*How to complete this task:* Below are some records. Retype exactly the lines from the one containing "冷板的數量和布置主要取決于車" through the one containing "Glass facade of", both included, skipping every picture.

*Task input:*
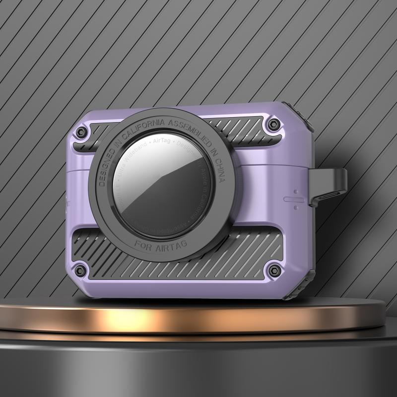 For AirPods Pro Automatic Flip Switch TPU+PC Earphone Case with AirTag(Purple)
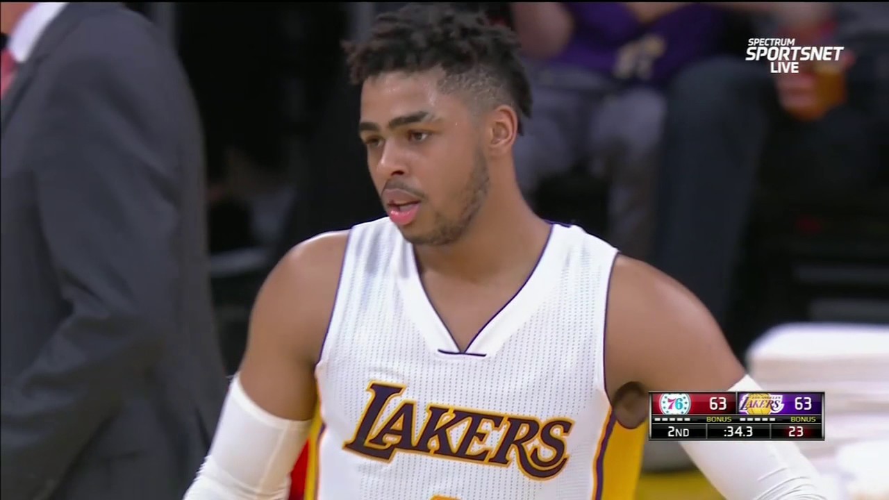 D'Angelo Russell, una de las perlas de los Lakers, cometió esta estúpida pérdida en el tercer cuarto del duelo que los Sixers ganaron a los Lakers en el Staples Center (116-118).
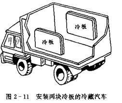 冷板的數量和布置主要取決于車廂容積的大小,微型冷藏汽車一般僅在廂內前壁安裝一塊冷板,輕型冷藏汽車需裝2-3塊,中型冷藏汽車需裝3-5塊,重型冷藏汽車則不少于6塊。當廂內采用2塊以上冷板時,廂內兩側壁安裝的冷板應該對稱布置。圖2-11為采用兩塊冷板的冷藏汽車廂內布置。
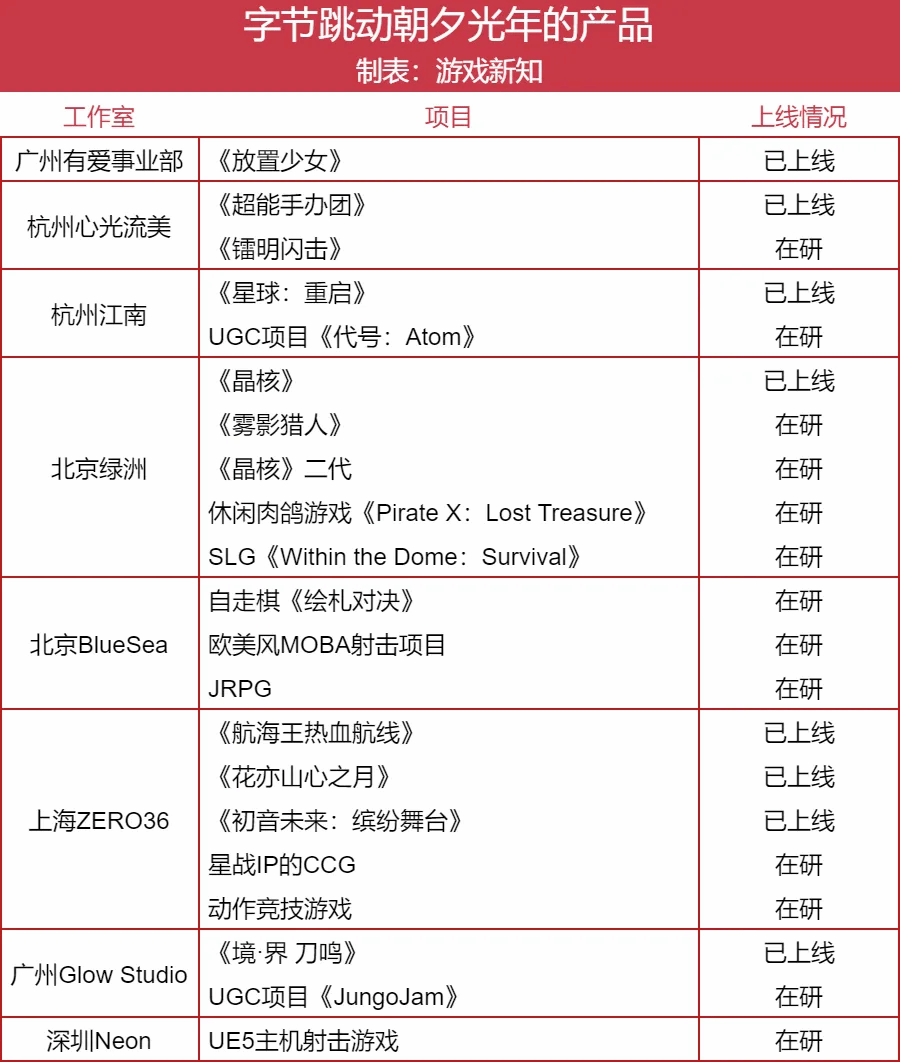 此次交易后,仍有多个工作室保留在字节跳动体系内,具体包括:
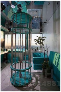 Пилон, клетка и качели для создания игривой атмосферы.
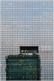Glass facade of a skyscraper in Osaka, Japan, reflecting urban architecture.
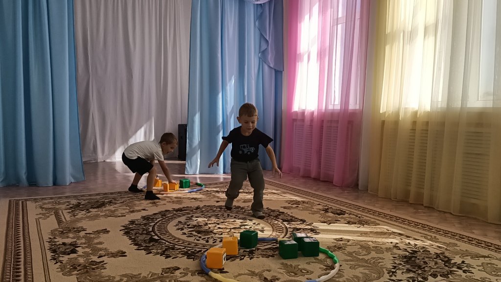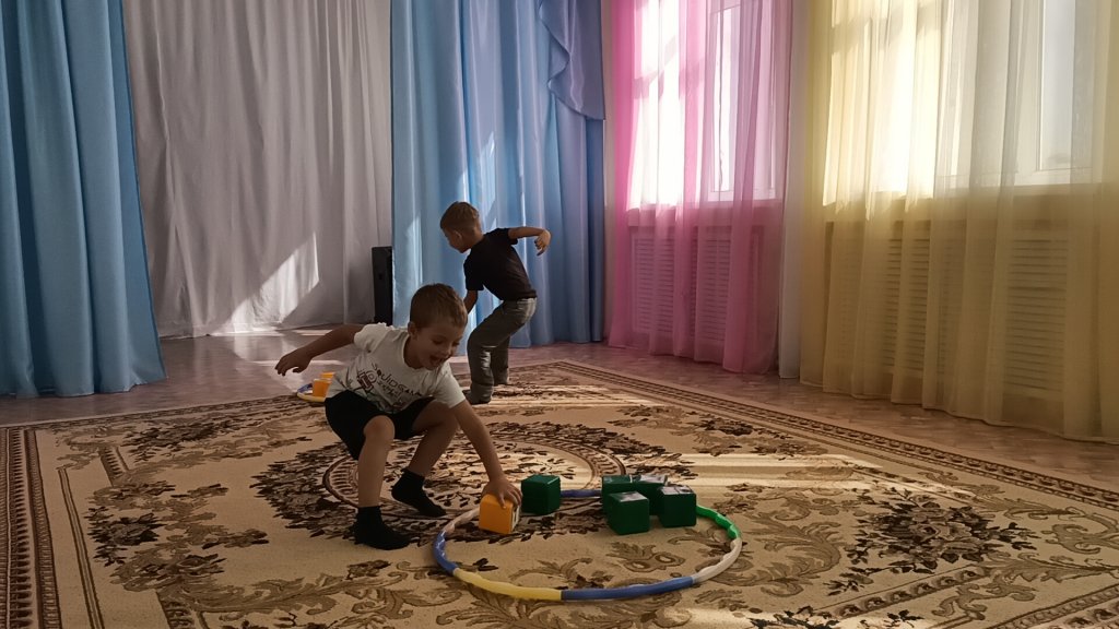Мектепалды даярлық тобы құрсаумен белсенді ойындар ойнады. Балалар блоктарды шеңберден құрсауға барынша жылдам ауыстырды, бастарына себетті ұстап тұрып шарларды жинады және бір ойыншыдан екінші ойыншыға арқан бойымен шеңберді сүйреп апарды. Барлық жаттығулар ептілікті, үйлестіруді, зейінді және топтық жұмысты дамытуға көмектесті.
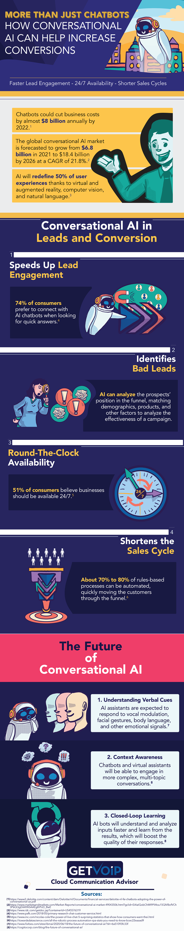 The infographic below from our friends over at GetVoIP summarizes how conversational AI can help increase conversations. Conversational AI can keep leads engaged around the clock, disqualify bad leads, and shorten the sales cycle.
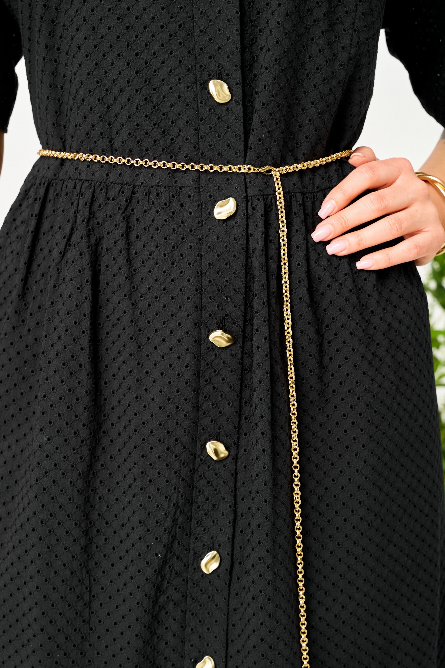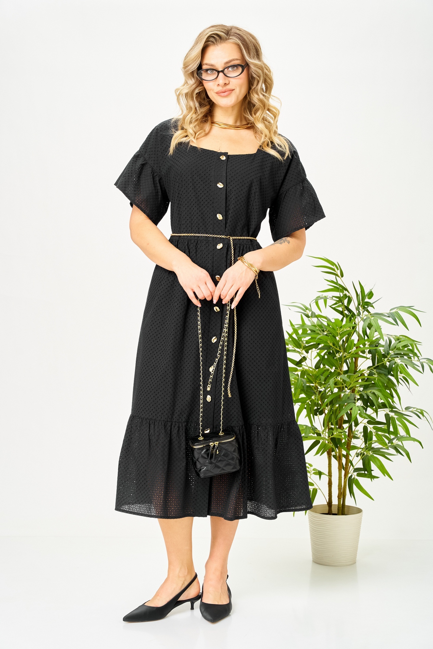 Платье 189 черный AVA fashion – это стильное женское платье из новой коллекции бренда AVA fashion. Выполнено из 100% хлопка, что обеспечивает комфорт и удобство в носке. Элегантный силуэт подчеркивается отрезной вставкой по талии, создавая утонченный образ. Отличительной чертой является квадратный вырез горловины и ремень-цепочка, которые добавляют современности и стиля. Боковые карманы подчеркивают функциональность, а спущенные рукава придают легкость. Миди длина и черный цвет делают его универсальным для любого сезона и повода – будь то офисный день или вечерний выход. Длина по спинке от горловины составляет 121 см, что позволяет легко комбинировать его с различными аксессуарами.
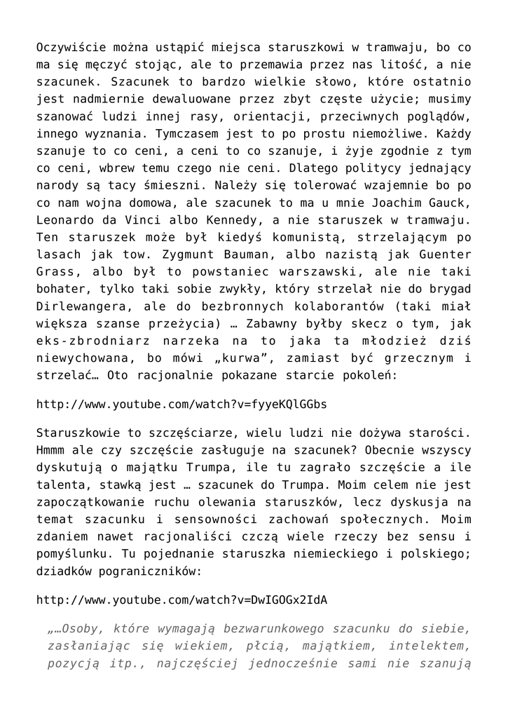Oczywiście można ustąpić miejsca staruszkowi w tramwaju, bo co ma się męczyć stojąc, ale to przemawia przez nas litość, a nie szacunek. Szacunek to bardzo wielkie słowo, które ostatnio jest nadmiernie dewaluowane przez zbyt częste użycie; musimy szanować ludzi innej rasy, orientacji, przeciwnych poglądów, innego wyznania. Tymczasem jest to po prostu niemożliwe. Każdy szanuje to co ceni, a ceni to co szanuje, i żyje zgodnie z tym co ceni, wbrew temu czego nie ceni. Dlatego politycy jednający narody są tacy śmieszni. Należy się tolerować wzajemnie bo po co nam wojna domowa, ale szacunek to ma u mnie Joachim Gauck, Leonardo da Vinci albo Kennedy, a nie staruszek w tramwaju. Ten staruszek może był kiedyś komunistą, strzelającym po lasach jak tow. Zygmunt Bauman, albo nazistą jak Guenter Grass, albo był to powstaniec warszawski, ale nie taki bohater, tylko taki sobie zwykły, który strzelał nie do brygad Dirlewangera, ale do bezbronnych kolaborantów (taki miał większa szanse przeżycia) … Zabawny byłby skecz o tym, jak eks-zbrodniarz narzeka na to jaka ta młodzież dziś niewychowana, bo mówi „kurwa”, zamiast być grzecznym i strzelać… Oto racjonalnie pokazane starcie pokoleń: http://www.youtube.com/watch?v=fyyeKQlGGbs Staruszkowie to szczęściarze, wielu ludzi nie dożywa starości. Hmmm ale czy szczęście zasługuje na szacunek? Obecnie wszyscy dyskutują o majątku Trumpa, ile tu zagrało szczęście a ile talenta, stawką jest … szacunek do Trumpa. Moim celem nie jest zapoczątkowanie ruchu olewania staruszków, lecz dyskusja na temat szacunku i sensowności zachowań społecznych. Moim zdaniem nawet racjonaliści czczą wiele rzeczy bez sensu i pomyślunku. Tu pojednanie staruszka niemieckiego i polskiego; dziadków pograniczników: http://www.youtube.com/watch?v=DwIGOGx2IdA „…Osoby, które wymagają bezwarunkowego szacunku do siebie, zasłaniając się wiekiem, płcią, majątkiem, intelektem, pozycją itp., najczęściej jednocześnie sami nie szanują innych…” Łukasz Marek Karolewski PN
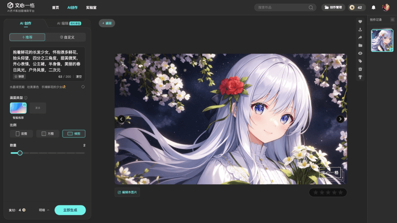 文心一格是由百度推出的依托其文心大模型和飞桨技术的文本生成图片的 AI 艺术和创意辅助平台,于2022年8月正式发布。作为国内第一梯队的AI图片生成的工具和平台,文心一格可以进行国风、油画、水彩、水粉、动漫、写实等十余种不同风格高清画作的生成。
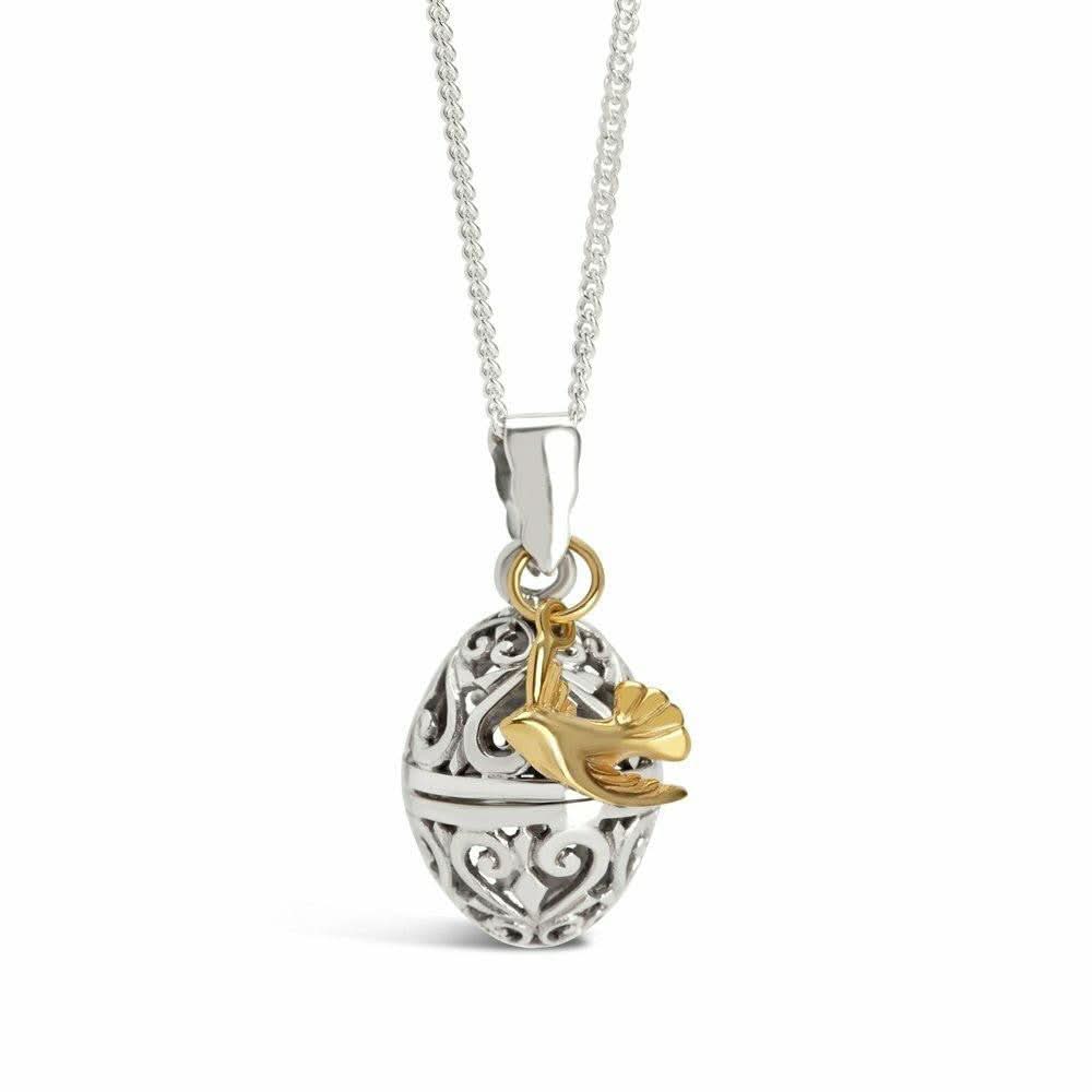 Our pretty, filigree egg locket makes a delightful gift. Add a sweet little sterling silver, 18 carat gold or rose gold vermeil bird charm for added interest. This necklace opens to hold a hidden message or a tiny keepsake.

*Solution to this problem:*
 冷板的數量和布置主要取決于車廂容積的大小,微型冷藏汽車一般僅在廂內前壁安裝一塊冷板,輕型冷藏汽車需裝2-3塊,中型冷藏汽車需裝3-5塊,重型冷藏汽車則不少于6塊。當廂內采用2塊以上冷板時,廂內兩側壁安裝的冷板應該對稱布置。圖2-11為采用兩塊冷板的冷藏汽車廂內布置。
 此次交易后,仍有多个工作室保留在字节跳动体系内,具体包括:
 Пилон, клетка и качели для создания игривой атмосферы.
Glass facade of a skyscraper in Osaka, Japan, reflecting urban architecture.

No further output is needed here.